(Extracted entries begins)

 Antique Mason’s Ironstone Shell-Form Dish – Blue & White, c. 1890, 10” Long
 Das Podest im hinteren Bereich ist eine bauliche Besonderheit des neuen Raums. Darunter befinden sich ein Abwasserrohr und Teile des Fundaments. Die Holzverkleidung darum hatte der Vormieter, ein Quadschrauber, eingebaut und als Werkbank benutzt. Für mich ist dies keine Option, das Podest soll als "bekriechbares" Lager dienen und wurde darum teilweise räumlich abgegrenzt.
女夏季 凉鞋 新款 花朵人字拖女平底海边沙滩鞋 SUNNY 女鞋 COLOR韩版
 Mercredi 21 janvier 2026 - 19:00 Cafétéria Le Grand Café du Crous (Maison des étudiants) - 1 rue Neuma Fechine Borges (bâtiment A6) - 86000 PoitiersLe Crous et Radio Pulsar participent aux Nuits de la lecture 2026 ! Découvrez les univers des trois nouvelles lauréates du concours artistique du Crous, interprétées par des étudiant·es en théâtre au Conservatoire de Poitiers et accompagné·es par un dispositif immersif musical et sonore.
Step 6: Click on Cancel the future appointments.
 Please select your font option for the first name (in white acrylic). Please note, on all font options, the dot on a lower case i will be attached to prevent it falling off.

(Extracted entries ends)
(Extracted entries begins)

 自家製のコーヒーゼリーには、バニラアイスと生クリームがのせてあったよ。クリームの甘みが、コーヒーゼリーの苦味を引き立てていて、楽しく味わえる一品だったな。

(Extracted entries ends)
(Extracted entries begins)

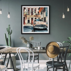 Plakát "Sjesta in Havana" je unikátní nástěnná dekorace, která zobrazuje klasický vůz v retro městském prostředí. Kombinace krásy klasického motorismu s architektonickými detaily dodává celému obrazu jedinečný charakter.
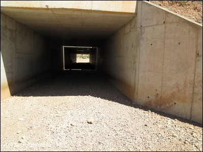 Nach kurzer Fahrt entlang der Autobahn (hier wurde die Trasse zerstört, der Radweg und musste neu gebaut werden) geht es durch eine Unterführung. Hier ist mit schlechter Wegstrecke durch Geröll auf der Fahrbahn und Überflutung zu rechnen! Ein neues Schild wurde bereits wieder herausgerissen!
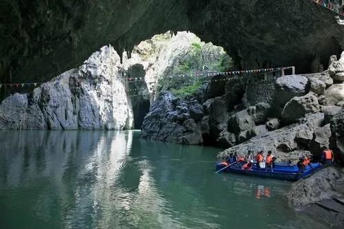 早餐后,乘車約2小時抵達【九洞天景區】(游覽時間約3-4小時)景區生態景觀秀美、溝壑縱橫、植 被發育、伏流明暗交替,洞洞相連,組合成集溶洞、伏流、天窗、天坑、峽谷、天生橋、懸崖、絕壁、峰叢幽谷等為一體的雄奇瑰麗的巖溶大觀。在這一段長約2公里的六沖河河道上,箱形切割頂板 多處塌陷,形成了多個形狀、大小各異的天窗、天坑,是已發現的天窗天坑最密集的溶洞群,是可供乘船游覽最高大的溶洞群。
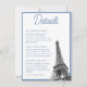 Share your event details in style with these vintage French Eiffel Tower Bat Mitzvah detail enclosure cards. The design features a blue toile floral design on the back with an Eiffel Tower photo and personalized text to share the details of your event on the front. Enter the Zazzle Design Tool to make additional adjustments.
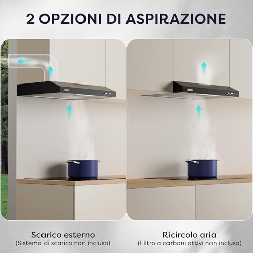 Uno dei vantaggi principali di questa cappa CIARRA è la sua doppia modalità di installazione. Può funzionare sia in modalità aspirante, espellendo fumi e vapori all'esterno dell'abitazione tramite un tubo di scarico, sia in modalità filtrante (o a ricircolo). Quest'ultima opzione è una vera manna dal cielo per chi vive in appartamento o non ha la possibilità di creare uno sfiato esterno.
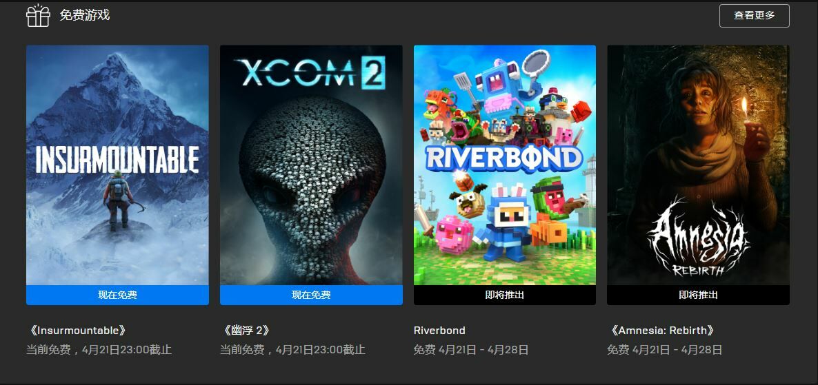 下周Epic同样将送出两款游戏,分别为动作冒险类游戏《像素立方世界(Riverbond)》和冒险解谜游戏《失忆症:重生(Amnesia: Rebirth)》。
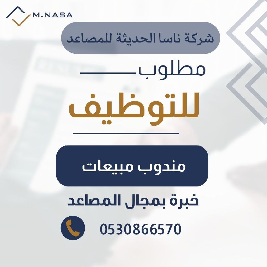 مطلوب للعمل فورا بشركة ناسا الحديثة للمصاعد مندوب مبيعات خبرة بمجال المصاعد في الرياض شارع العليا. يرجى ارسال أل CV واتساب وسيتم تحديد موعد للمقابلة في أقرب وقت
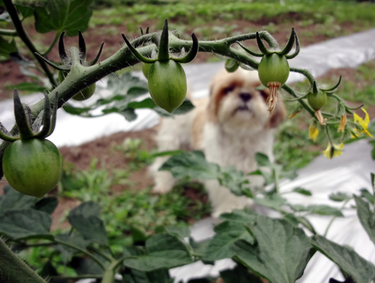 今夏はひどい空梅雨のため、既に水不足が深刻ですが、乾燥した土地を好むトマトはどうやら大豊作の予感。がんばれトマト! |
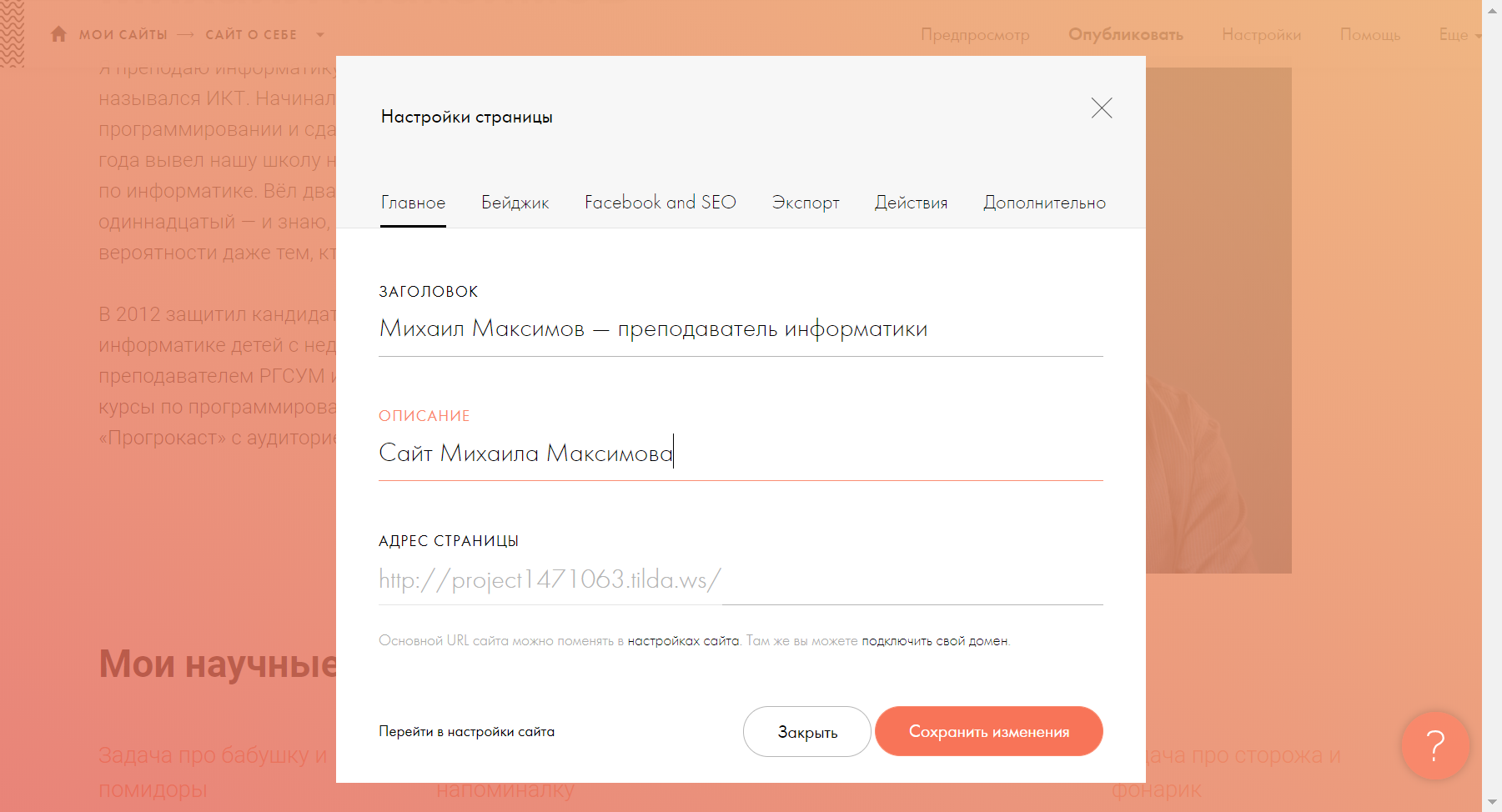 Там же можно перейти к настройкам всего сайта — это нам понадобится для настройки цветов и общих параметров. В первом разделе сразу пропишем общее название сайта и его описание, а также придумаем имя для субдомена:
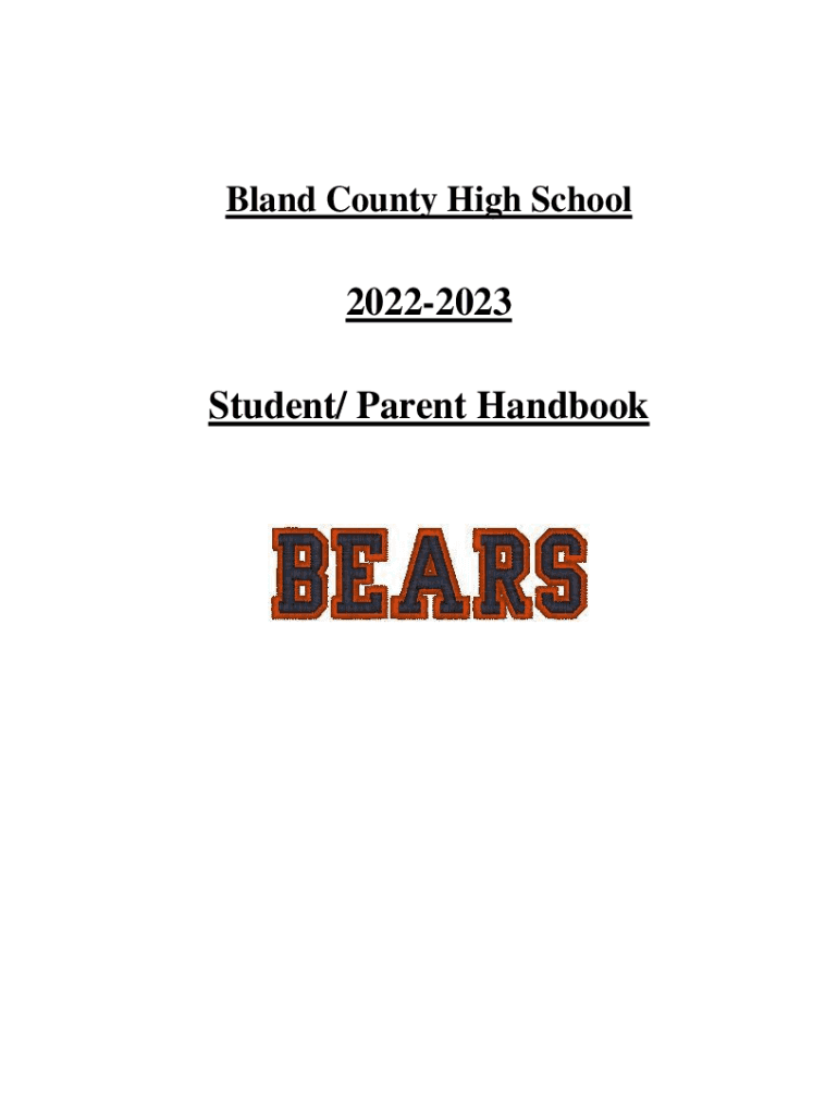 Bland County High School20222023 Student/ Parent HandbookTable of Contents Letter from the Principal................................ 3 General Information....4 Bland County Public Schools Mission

(Extracted entries ends)

* [Action item]
Retype only the stretch of lines above starting at the one with "Antique Mason’s Ironstone" and stopping at the one with "Please select your", exactly as written, with both kept.

* [Exercise answer]
 Antique Mason’s Ironstone Shell-Form Dish – Blue & White, c. 1890, 10” Long
 Das Podest im hinteren Bereich ist eine bauliche Besonderheit des neuen Raums. Darunter befinden sich ein Abwasserrohr und Teile des Fundaments. Die Holzverkleidung darum hatte der Vormieter, ein Quadschrauber, eingebaut und als Werkbank benutzt. Für mich ist dies keine Option, das Podest soll als "bekriechbares" Lager dienen und wurde darum teilweise räumlich abgegrenzt.
女夏季 凉鞋 新款 花朵人字拖女平底海边沙滩鞋 SUNNY 女鞋 COLOR韩版
 Mercredi 21 janvier 2026 - 19:00 Cafétéria Le Grand Café du Crous (Maison des étudiants) - 1 rue Neuma Fechine Borges (bâtiment A6) - 86000 PoitiersLe Crous et Radio Pulsar participent aux Nuits de la lecture 2026 ! Découvrez les univers des trois nouvelles lauréates du concours artistique du Crous, interprétées par des étudiant·es en théâtre au Conservatoire de Poitiers et accompagné·es par un dispositif immersif musical et sonore.
Step 6: Click on Cancel the future appointments.
 Please select your font option for the first name (in white acrylic). Please note, on all font options, the dot on a lower case i will be attached to prevent it falling off.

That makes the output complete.